Tutorial

How to Ground LLM Brand Research with Live Data

Fix LLM brand research inaccuracy by grounding with live search data. Get accurate company info, pricing, and market position from 6 platforms.

LLMs hallucinate brand information constantly. They invent product features, cite wrong pricing, and confuse competitors. Grounding brand research with live search data fixes this by giving the LLM verified facts to work with.
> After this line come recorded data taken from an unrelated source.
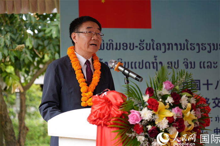 中國駐瑯勃拉邦總領事張社平致辭。人民網(wǎng)記者 簡承淵攝
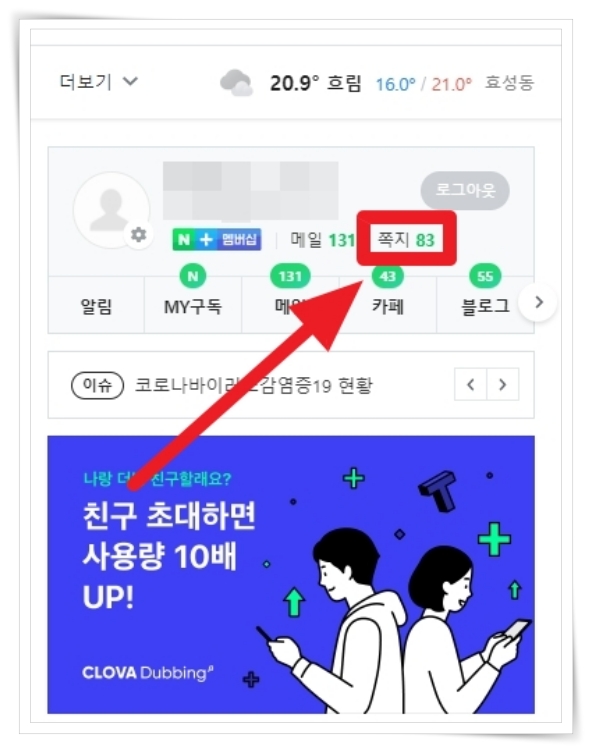 ▼ 네이버 홈페이지 로그인 후 프로필 메뉴에서 "쪽지"을 클릭해 주세요.
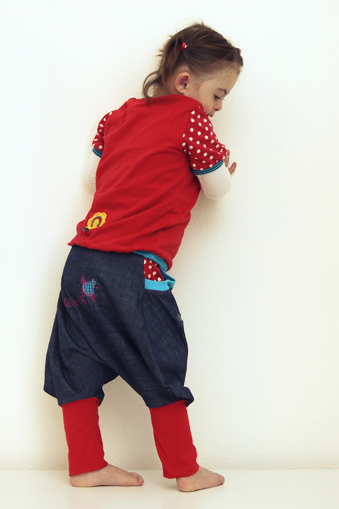 Das ist eine wirklich sehr süße Umsetzung vom Schnitt und Deine Maus sieht so aus, als würde sie die Hose tatsächlich sehr gerne tragen *g*. Bei uns kommen ja "leider" auch fast nur noch Kleider in den Schrank. Hosen tragen zu müssen ist bei uns quasi die Höchststrafe….hach können wir Eltern fies sein *g*.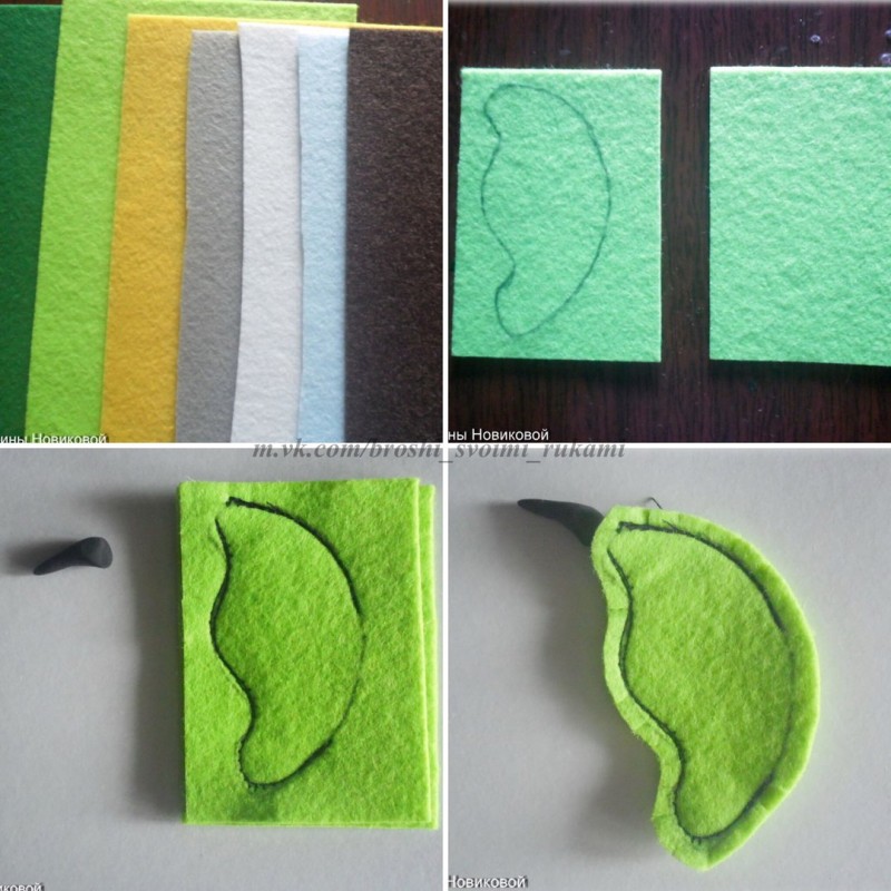 33. Птичка практически готова. Осталось оформить задник. Для этого берем выкройку тельца и обводим ее на фетре.
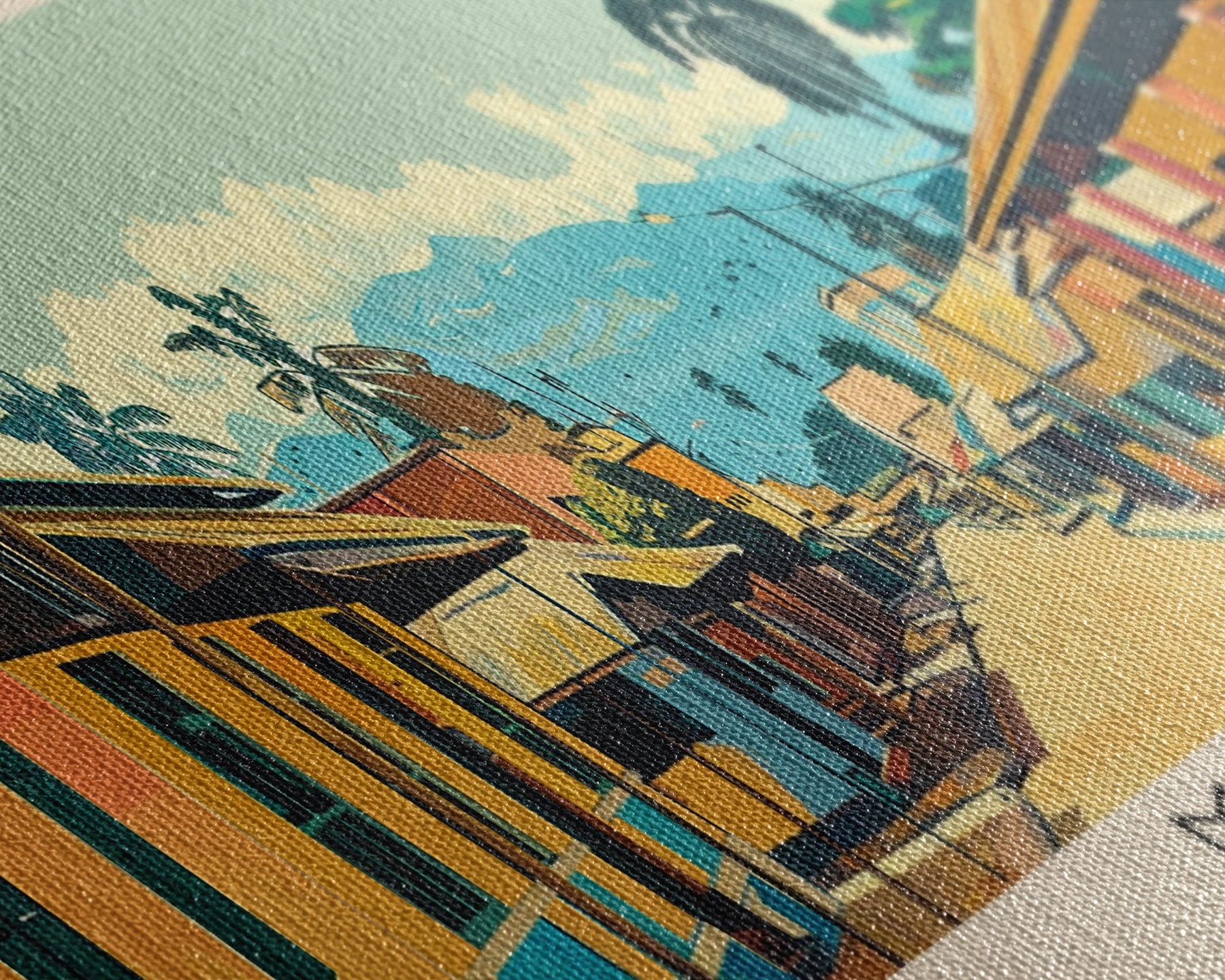 Most of our canvases are made in the USA, with the exception of canvases ordered with the light oak unstained frames, and any large canvases (24x48, 30x60, 16x48 and 20x60) ordered WITH a frame. These are temporarily made in and shipped from Europe, while we try to find a more consistent supplier in the USA.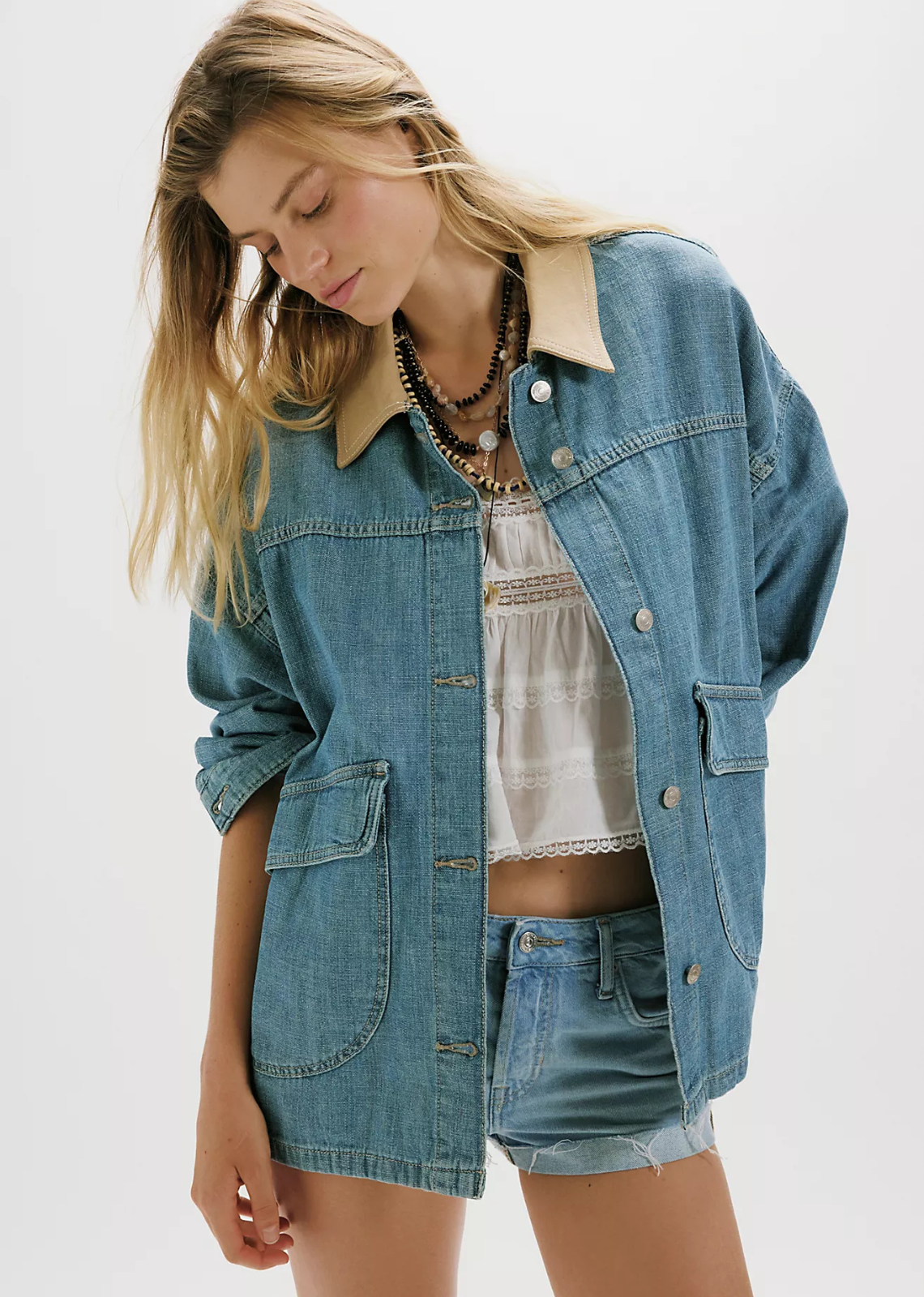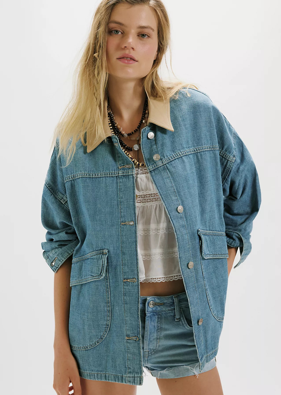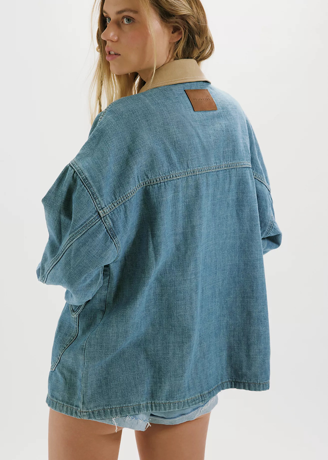 Perfectly oversized, this staple denim jacket features asymmetrical pockets and a contrasting canvas collar for subtle details that truly make the piece.

This tutorial builds a brand research pipeline that searches Google for company info, Amazon for product data, Reddit for community sentiment, and YouTube for content presence, all through the Scavio API at $0.005 per search.

Prerequisites

  • Python 3.9+ installed
  • requests library installed
  • A Scavio API key from scavio.dev
  • An LLM API key (OpenAI, Anthropic, or local Ollama)

Walkthrough

Step 1: Build the brand data collection pipeline

Search multiple platforms to collect verified brand data. Each platform provides a different perspective: Google for official info, Amazon for products, Reddit for reputation.

Python
import os, requests, time

SCAVIO_KEY = os.environ['SCAVIO_API_KEY']
URL = 'https://api.scavio.dev/api/v1/search'
H = {'x-api-key': SCAVIO_KEY, 'Content-Type': 'application/json'}

def research_brand(brand: str) -> dict:
    data = {'brand': brand, 'sources': {}}
    # Google: official info, knowledge graph
    resp = requests.post(URL, headers=H,
        json={'query': f'{brand} company', 'country_code': 'us', 'num_results': 5})
    result = resp.json()
    data['sources']['google'] = {
        'knowledge_graph': result.get('knowledge_graph', {}),
        'top_results': [{'title': r['title'], 'snippet': r.get('snippet', ''),
                        'url': r['link']} for r in result.get('organic_results', [])[:3]],
    }
    time.sleep(0.3)
    # Amazon: product presence
    resp = requests.post(URL, headers=H,
        json={'query': f'site:amazon.com {brand}', 'country_code': 'us', 'num_results': 5})
    data['sources']['amazon'] = [{'title': r['title'], 'url': r['link']}
        for r in resp.json().get('organic_results', [])]
    time.sleep(0.3)
    # Reddit: community sentiment
    resp = requests.post(URL, headers=H,
        json={'query': f'site:reddit.com {brand} review', 'country_code': 'us', 'num_results': 5})
    data['sources']['reddit'] = [{'title': r['title'], 'snippet': r.get('snippet', ''),
        'url': r['link']} for r in resp.json().get('organic_results', [])]
    return data

brand_data = research_brand('Notion')
kg = brand_data['sources']['google']['knowledge_graph']
print(f'Brand: {brand_data["brand"]}')
print(f'Description: {kg.get("description", "N/A")}')
print(f'Amazon products: {len(brand_data["sources"]["amazon"])}')
print(f'Reddit discussions: {len(brand_data["sources"]["reddit"])}')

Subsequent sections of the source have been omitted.